Ephantus Njeru Tiras v Pauline Mutitu Kivuti [2020] KEELC 2040 (KLR) | Specific Performance | Esheria

Ephantus Njeru Tiras v Pauline Mutitu Kivuti [2020] KEELC 2040 (KLR)

Full Case Text

REPUBLIC OF KENYA

IN THE ENVIRONMENT AND LAND COURT AT EMBU

E.L.C. APPEAL NO. 11 OF 2018

EPHANTUS NJERU TIRAS………………..….…………………APPELLANT

VERSUS

PAULINE MUTITU KIVUTI……..……………..…………..…RESPONDENT

(Being an appeal against the judgement and decree of Hon. M.N. Gicheru (Chief Magistrate) dated 21st May 2018 in Embu CMCC No. 55 of 2016)

JUDGEMENT

A. INTRODUCTION AND BACKGROUND

1. This is an appeal against the judgement and decree of Hon. M.N. Gicheru (Chief Magistrate) dated 21st May 2018 in Embu CMCC No. 55 of 2016 – Pauline Mutitu Kivuti Vs Ephantus Njiru Tiras.  By the said judgement, the trial court declined the Respondent’s claim for specific performance of some agreements with respect to Title No. Ngandori/Ngovio/820 (suit property) but instead ordered a refund of the purchase price in the sum of Ksh. 380,000/-.  The Respondent was also awarded costs of the suit.

2. The material on record indicates that vide a plaint dated 27th April 2016 the Respondent pleaded that vide two sale agreements dated 12th October 2011 and 29th February 2012 respectively, she bought a portion of one acre out of the suit property at a consideration of Kshs. 600,000/-.  It was pleaded that she made part-payment of Kshs. 380,000/- but the Appellant in breach of the agreements allegedly refused to excise that portion of one acre from the suit property for the purpose of completing the sale.  It was further pleaded that the Appellant had, instead, commenced construction of a permanent house on the very portion of the suit property which was the subject of the sale agreements.  Consequently, the Respondent sought the following reliefs against the Appellant:

a) An order for specific performance of the said agreements for sale.

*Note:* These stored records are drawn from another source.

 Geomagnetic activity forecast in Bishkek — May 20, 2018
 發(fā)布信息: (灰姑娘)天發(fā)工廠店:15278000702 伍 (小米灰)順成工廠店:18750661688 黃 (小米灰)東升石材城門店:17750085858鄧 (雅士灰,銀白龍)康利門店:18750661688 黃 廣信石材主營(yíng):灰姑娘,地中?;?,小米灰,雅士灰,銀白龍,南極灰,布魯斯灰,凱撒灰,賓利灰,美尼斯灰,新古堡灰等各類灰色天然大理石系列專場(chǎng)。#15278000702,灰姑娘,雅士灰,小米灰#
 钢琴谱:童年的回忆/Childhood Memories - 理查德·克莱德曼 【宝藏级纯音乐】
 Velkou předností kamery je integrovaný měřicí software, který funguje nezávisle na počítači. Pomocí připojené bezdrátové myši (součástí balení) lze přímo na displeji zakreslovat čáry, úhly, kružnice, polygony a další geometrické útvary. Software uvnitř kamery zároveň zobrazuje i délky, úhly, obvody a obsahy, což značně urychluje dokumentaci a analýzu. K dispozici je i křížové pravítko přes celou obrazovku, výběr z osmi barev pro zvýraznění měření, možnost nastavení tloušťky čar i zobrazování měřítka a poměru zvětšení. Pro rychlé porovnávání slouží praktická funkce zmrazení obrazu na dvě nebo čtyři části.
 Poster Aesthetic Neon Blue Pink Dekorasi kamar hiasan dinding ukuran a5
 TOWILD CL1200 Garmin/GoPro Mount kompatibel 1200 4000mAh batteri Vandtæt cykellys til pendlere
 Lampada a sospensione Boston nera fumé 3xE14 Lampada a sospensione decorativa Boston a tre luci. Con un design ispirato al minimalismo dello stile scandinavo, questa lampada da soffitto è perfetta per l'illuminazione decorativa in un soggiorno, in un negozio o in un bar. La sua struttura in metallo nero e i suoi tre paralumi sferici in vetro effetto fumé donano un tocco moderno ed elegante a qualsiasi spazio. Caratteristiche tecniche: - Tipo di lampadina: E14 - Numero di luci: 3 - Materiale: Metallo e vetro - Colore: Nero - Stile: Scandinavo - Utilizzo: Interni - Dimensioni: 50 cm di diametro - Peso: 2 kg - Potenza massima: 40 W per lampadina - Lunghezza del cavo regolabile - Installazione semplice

b) Costs of the suit and interest.

3. Although there is no indication on record of the Appellant having filed a defence, he filed a written statement dated 1st December 2017 in which he denied the Respondent’s claim in its entirety.  He denied having entered into any sale agreement for the sale of the suit property.  He emphasized that he had never even imagined selling a “fraction” of the suit property during his lifetime.  The Appellant further stated that he had only allowed the Respondent to harvest tea leaves from a certain portion of the suit property whereby it was agreed that she would keep one half of the proceeds of sale whereas she was to remit the other half to Agricultural Finance Corporation (AFC) for settlement of an outstanding loan facility on behalf of the Appellant.

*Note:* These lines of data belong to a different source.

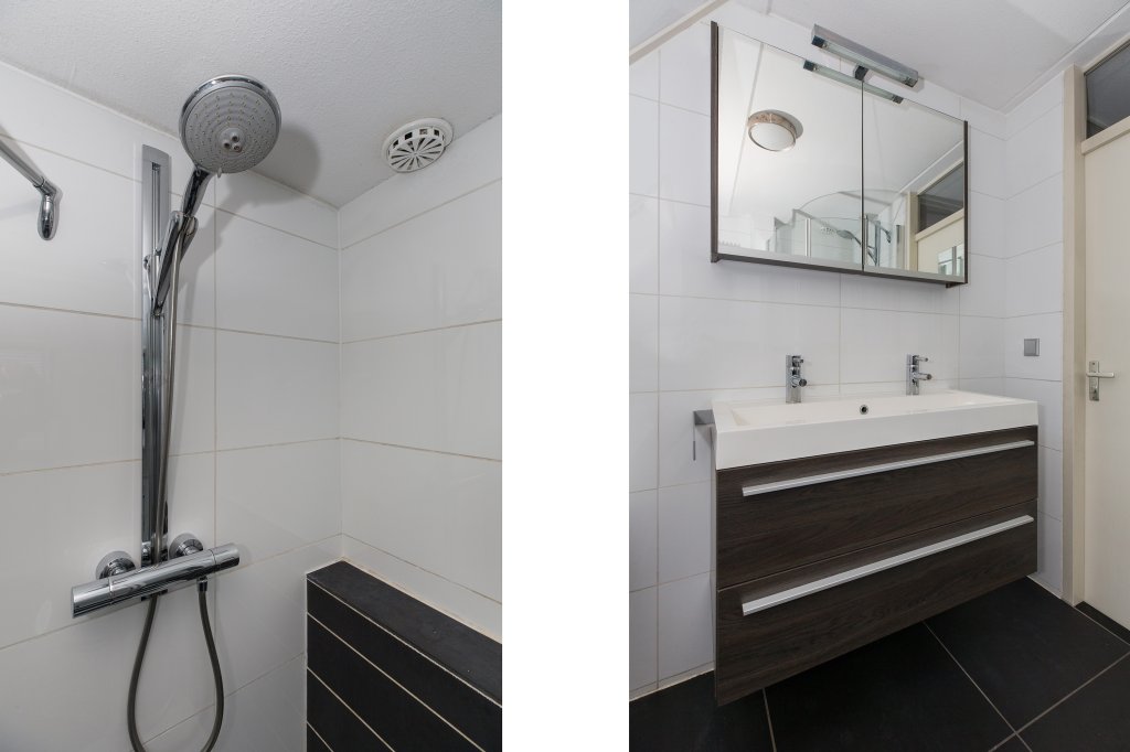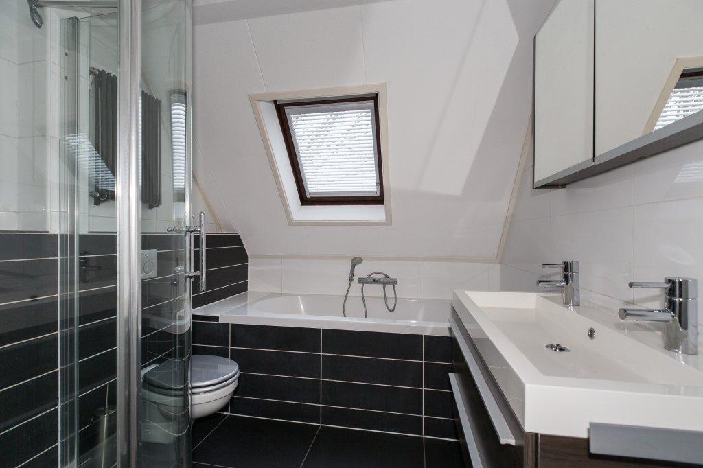 Landing with fixed staircase to the two floor and access to three bedrooms and the bathroom. In the bedrooms there is also a beautiful laminate floor. Luxury bathroom in white/black tones with bath, toilet and double sink.
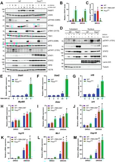 Levels of unphosphorylated interferon stimulated gene factor 3 (ISGF3) are upregulated in EO771 Parp7KO cells. (A) EO771 WT and Parp7KO cells have intact STING regulated type I IFN signaling pathway. The expression and/or phosphorylation of cGAS, STING, TBK1 and IRF3 are similar between WT and Parp7KO cells. However, Parp7KO cells have increased levels of unphosphorylated signal transducer and activator of transcription 1 (STAT1), STAT2, and interferon regulatory factor 9 (IRF9). Cells were treated with 10 µg/mL of DMXAA (+/− 100 nM RBN-2397) for 0, 2, 6, or 24 h, and samples were subjected to SDS-PAGE and Western blotting. (B) Levels of native STAT1 are higher in the EO771 Parp7KO cells independent of DMXAA treatment. (C) Levels of phosphorylated STAT1 after DMXAA treatment relative to native STAT1 are lower in the EO771 Parp7KO cells compared with both WT and RBN-2397-treated WT cells. (D) EO771 Parp7KO cells have increased cytoplasmic and nuclear levels of STAT1, STAT2, and IRF9 in both untreated and treated samples. (E) Stat1, (F) Stat2, and (G) Irf9 mRNA levels are higher in EO771 Parp7KO cells and after 24 h RBN-2397 treatment in WT cells. (H) Expression levels of P-ISGF3 target genes Myd88 is not significantly affected by PARP7 loss, while target genes (I) Adar and (J) Irf1 are slightly higher in the EO771 Parp7KO cells. (G) Expression levels of U-ISGF3 target genes, (K) Isg15 and (L) Mx1, and (M) ISG15-induced gene Usp18 are all significantly higher in EO771 Parp7KO cells and RBN-2397-treated WT cells. Cells were treated with 10 µg/mL of DMXAA (+/− 100 nM RBN-2397) for 6 h, and mRNA levels were quantified with RT-qPCR. * Denotes statistical significance (p < 0.05) compared to no treatment (E–G) or DMSO (H–M); # denotes statistical significance due to the loss of PARP7. Original western blots have been presented in File S1.
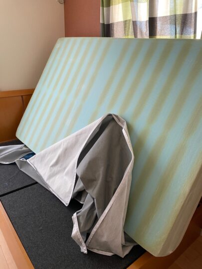 ウレタンフォームに染み付いたカビの臭いは、表面を拭いた程度では絶対に取れません。生活臭は表面の比較的厚いカバーを洗うことで取れますが、本体から発生するファブリーズを一本使い切る勢いでかけましたが、マットカバーを超えて漂ってくる匂いレベル。結局、そのマットレスは一度も使うことなく、市の燃えるゴミ集積場に持ち込み、泣く泣く処分することになりました。まさに「安物買いの銭失い」です。
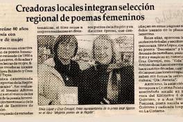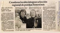 Creadoras locales integran selección regional de poemas femeninos. [artículo] El Observador (Diario : Quillota, Chile)-- sept. 24, 2004, p. 19. .

4. The Appellant further stated that although the Respondent harvested his tea bushes for about six (6) years she never remitted a single cent to AFC in consequence of which he reported the matter to the local elders for resolution.  It was contended that the said elders directed the Respondent to stop harvesting tea leaves from the suit property and to pay the Appellant all proceeds she had earned for 6 years.  Consequently, the Appellant asked the court to dismiss the Respondent’s suit.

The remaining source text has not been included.